Город, область, а то и целый континент в какой-то мере стандар­тизируют свой стол, что, впрочем, несколько умеряется разнооб­разием каждодневных программ.

Незнакомые, встречаясь по утрам в троллейбусах, говорят друг другу, орудуя зубочистками:

— Как вам понравился сегодняшний шницель? Перца маловато. Пресно, пресно готовят на радио[4].

Любая фантазия отражает помимо вековечных мечтаний еще и мечтающего, его представления о мире.

Талантливый писатель-фантаст, возможно, и не догадывался, что развивает концепцию телевидения как «электронного печатного станка», который способен без устали, днем и ночью, тиражировать, тиражировать, тиражировать все, что становится объектом его вни­мания. Опера, балет, пантомима, хоровое пение, джаз, плоды поэзии, драмы, журналистики, а также фотографии, декламаторско­го искусства, кино — все, буквально все, что создано во всех обла­стях искусства, размножается в миллионах экземпляров и доносится до каждого сидящего у экрана. А жизнь, не тронутая рукой худож­ника, так и досылается до получателя как живая жизнь — репортаж, сообщение, информация.

И оказывалось, таким образом, что художнику на телевидении делать вовсе нечего.

Создание спектакля — дело творческое, а создание фильма-спек­такля можно доверить любому грамотному профессионалу. Фикса­ция. Запечатление готового целого. И уж тем более фиксация, ска­жем, репортаж о встрече глав правительств, о торжественном ми­тинге, параде. Чем меньше тут будет самовыражения, тем лучше. Оператор или режиссер, сценарист или монтажер на пуль­те — пусть они в других областях, например на киностудии, будут хоть самыми прославленными и оригинальными художниками — десь, на телевидении, нужны именно как Мастера, профессионалы.
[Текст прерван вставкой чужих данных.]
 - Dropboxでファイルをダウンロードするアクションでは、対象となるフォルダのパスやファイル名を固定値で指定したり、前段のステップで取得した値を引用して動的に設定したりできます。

Отсюда невеселая шутка, бытующая до сей поры, что передачу делают редактор и оператор. Первый нужен, чтобы контролиро­вать автора и сдерживать режиссера, второй — чтобы отснять в фокусе. Передача готовится как бы сама собой. Не в соответствии с усилиями творческого коллектива, а вроде бы даже вопреки им.

Отметим, что эта четко сформулированная концепция ТВ пред­лагала все-таки посильную аналогию к данному социально-эстети­ческому феномену. Собственно эстетический потенциал ТВ она, правда, приравнивала к нулю. Все, что выходило в эфир художе­ственного, оказывалось пришлым, взятым на стороне. Творческий работник телевидения был в таком случае своего рода дизайнером, оформителем-преобразователем, а в худшем — самым настоящим «фиксатором», невозмутимо накручивающим на пленку все, на что ни посмотрит его камера.
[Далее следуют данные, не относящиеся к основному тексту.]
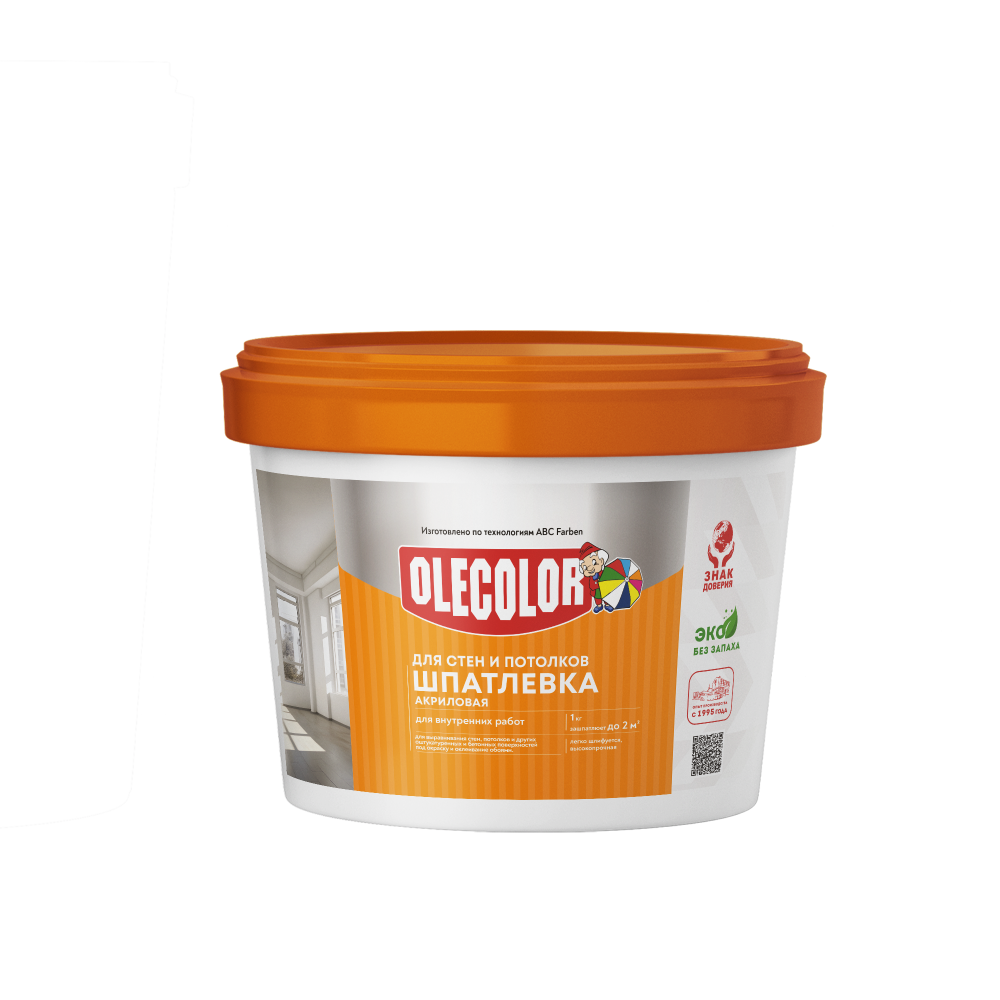 Шпатлевка акриловая OLECOLOR для стен и потолков, 0,9 кг предназначена для финишного выравнивания бетонных, оштукатуренных и других минеральных поверхностей внутри помещений. Представляет собой белую пастообразную массу со слабым запахом. После высыхания образует прочную и гладкую матовую поверхность, устойчивую к сухим истираниям. Не требует дополнительного грунтования перед покраской или оклейкой обоями. Обладает хорошей шлифуемостью, небольшой усадкой и удобна в нанесении. Время высыхания — около 24 часов, рекомендуемая толщина слоя — до 2 мм за один проход. Применяется на стенах и потолках в жилых и общественных помещениях.

Оглядка на полиграфию, отозвавшаяся в «электронном печатном станке» и в самом термине «тиражирование», могла бы повести к большей осторожности суждения.

Ибо тиражирования оригинала никогда и нигде, за исключением фантастического ратоматора, не происходит. И типография и кино­копировальная фабрика, во-первых, размножают копии, а во-вторых, нуждаются в предварительном изготовлении особой ко­пии, в большей степени, чем оригинал, приспособленной для потреб­ностей тиража.

Это важно: размножается не рукопись. Размножается книга, типо­графский набор. И это новое качество продукта, его книжность, с неизбежностью требует организации его как целого по особым законам, в том числе и по законам эстетики.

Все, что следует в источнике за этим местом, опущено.